Result? Less wasted space. Squeeze every bit.


┌──────────────────┐   ┌──────────────────┐   ┌──────────────────┐
│      index       ├─┬▶│  shard 512 bits  ├┬─▶│  block-1 64 docs │
└──────────────────┘ │ └──────────────────┘│  └──────────────────┘
                     │                     │                      
                     │                     │  ┌──────────────────┐
                     │                     ├─▶│  block-2 64 docs │
                     │                     │  └──────────────────┘
                     │                     │                      
                     │                     │  ┌──────────────────┐
                     │                     └─▶│  block-3 64 docs │
                     │                        └──────────────────┘
                     │                                            
                     │                                            
                     │ ┌──────────────────┐   ┌──────────────────┐
                     └▶│  shard 1024 bits ├┬─▶│  block-1 64 docs │
                       └──────────────────┘│  └──────────────────┘
                                           │                      
                                           │  ┌──────────────────┐
                                           └─▶│  block-2 64 docs │
                                              └──────────────────┘

Copy the shards after indexing

Result? Less fragmented memory, faster search.

// attempt to save/organise memory shrink lists... https://go.dev/blog/slices-intro#TOC_6
out := make([]int64, len(bloomFilter))
copy(out, bloomFilter)
bloomFilter = out

Frequency Concious Bloom Filter

Rare terms need more hashes to reduce false positive rate

func (ci *CaissonIndex) DetermineHashCount(ngram string) int {
	// version 0.1
	// if nothing that indicates its a very rare term so it needs the most hashes
	// so set that up as the default
	hashCount := 5

	v, ok := ci.termTreatments[ngram]
	if ok {
		weight := float64(v) / float64(ci.highestTermCount) * 100

		if weight >= 10 {
			hashCount = 1
		} else if weight >= 5 {
			hashCount = 2.5
		} else if weight >= 2 {
			hashCount = 3
		} else if weight >= 1.5 {
			hashCount = 4
		}
	}

	return hashCount
}

Result?

Wasted time... For trigrams anyway

New algorithm is mind blowing.

func DetermineHashCount(ngram string) int {
	return 2
}

Restrict Parallelism

Parallelism works... if you have CPU to spare

var sem = make(chan bool, 5) // counting semaphore

func doSearch() { // only 5 instances of this function can run
	sem <- true
		defer func() {
		<- sem
	}()

	// Do CPU/Memory intensive stuff here
}

Searching

The core loop.

func Search(queryBits []uint64) []int {
	var results []int
	var res uint64

	for i := 0; i < len(bloomFilter); i += 2048 {
		res = bloomFilter[queryBits[0]+uint64(i)]

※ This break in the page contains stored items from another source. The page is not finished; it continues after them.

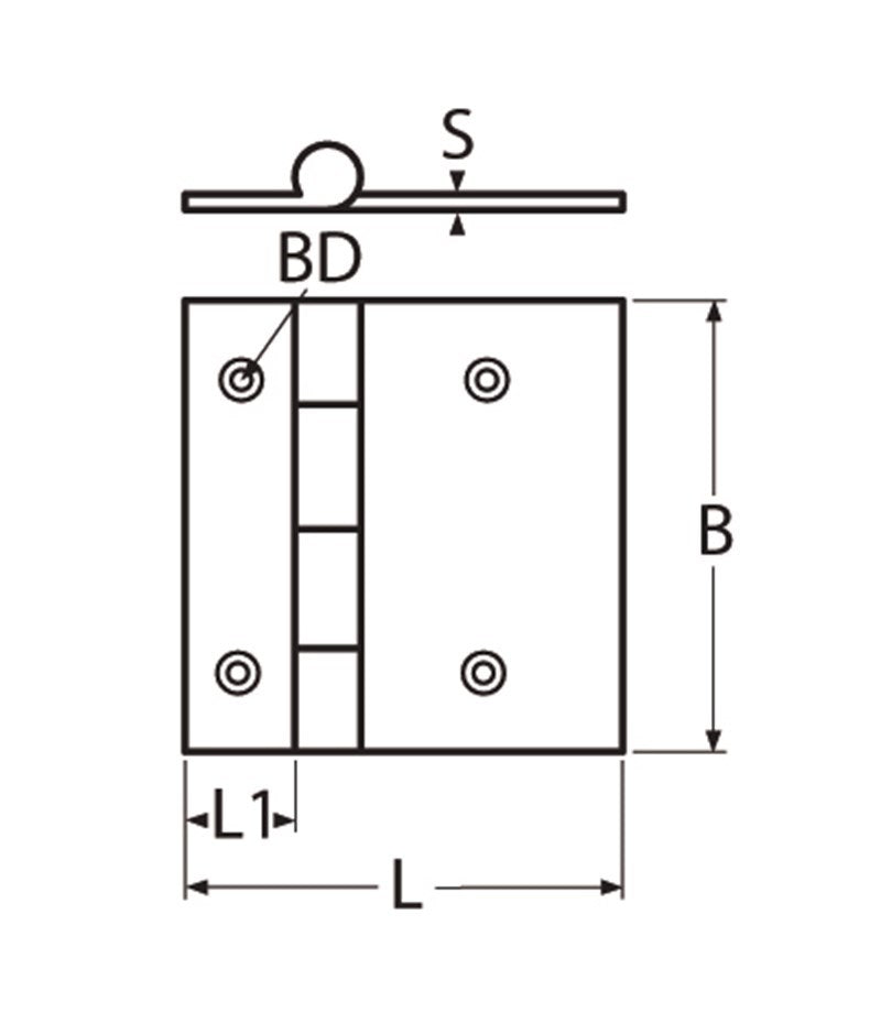 Marinetech Scharnier gegoten afmetingen l x b x dikte: 52x61x4mm
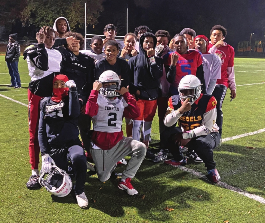 Players of the 14U Mattapan Patriots team line up for a photo after their Thursday night practice. Youth football program boasts high rankings, remarkable season
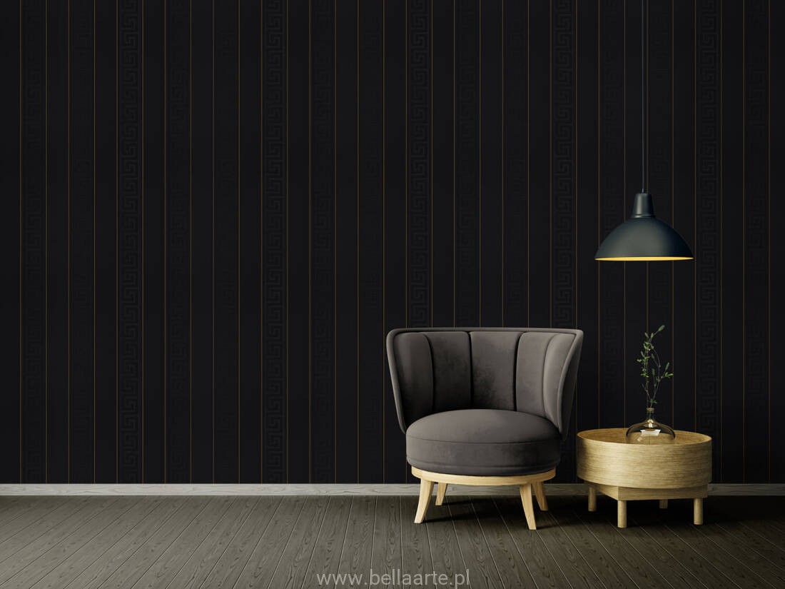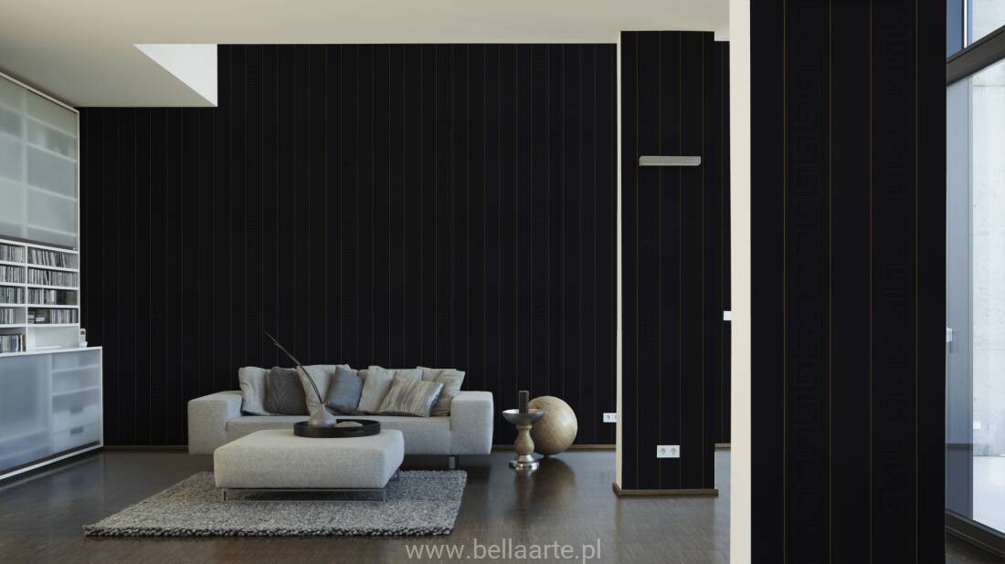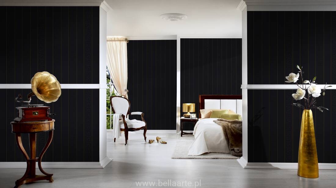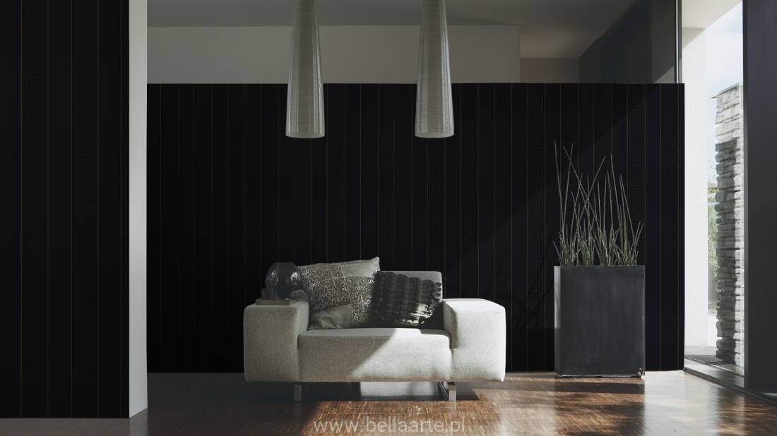 Wzór geometryczny "meander grecki" jest również charakterystyczny dla marki Versace. Tym razem klucze wkomponowano w ponadczasowe pasy. Ornamenty na tapecie grają ze światłem tworząc niepowtarzalny klimat.

		for j := 1; j < len(queryBits); j++ {
			res = res & bloomFilter[queryBits[j]+uint64(i)]

			if res == 0 { // important! skip shard if nothing!
				break
			}
		}

		if res != 0 {
			for j := 0; j < 64; j++ {
				if res&(1<<j) > 0 {
					results = append(results, 64*(i/2048)+j)
				}
			}
		}

	}

	return results
}

Searching: Visually

Perform & between each row, and if we see 0 skip to next block


Final Result

Rolling average index search time: ~50ms

140,000,000 to 180,000,000 files - roughly 75 billion lines

Index rougly ~100GB RAM

Conclusions

Go. I doubt I could have done it in another language.

Bloomfilters + Trigrams works well. As far as I know this is globally unique. Nobody else I know uses this approach.

A minimal version is available for you to play with https://github.com/boyter/indexer

Users probably don't care how searchcode's index works, but I know. Now you do too.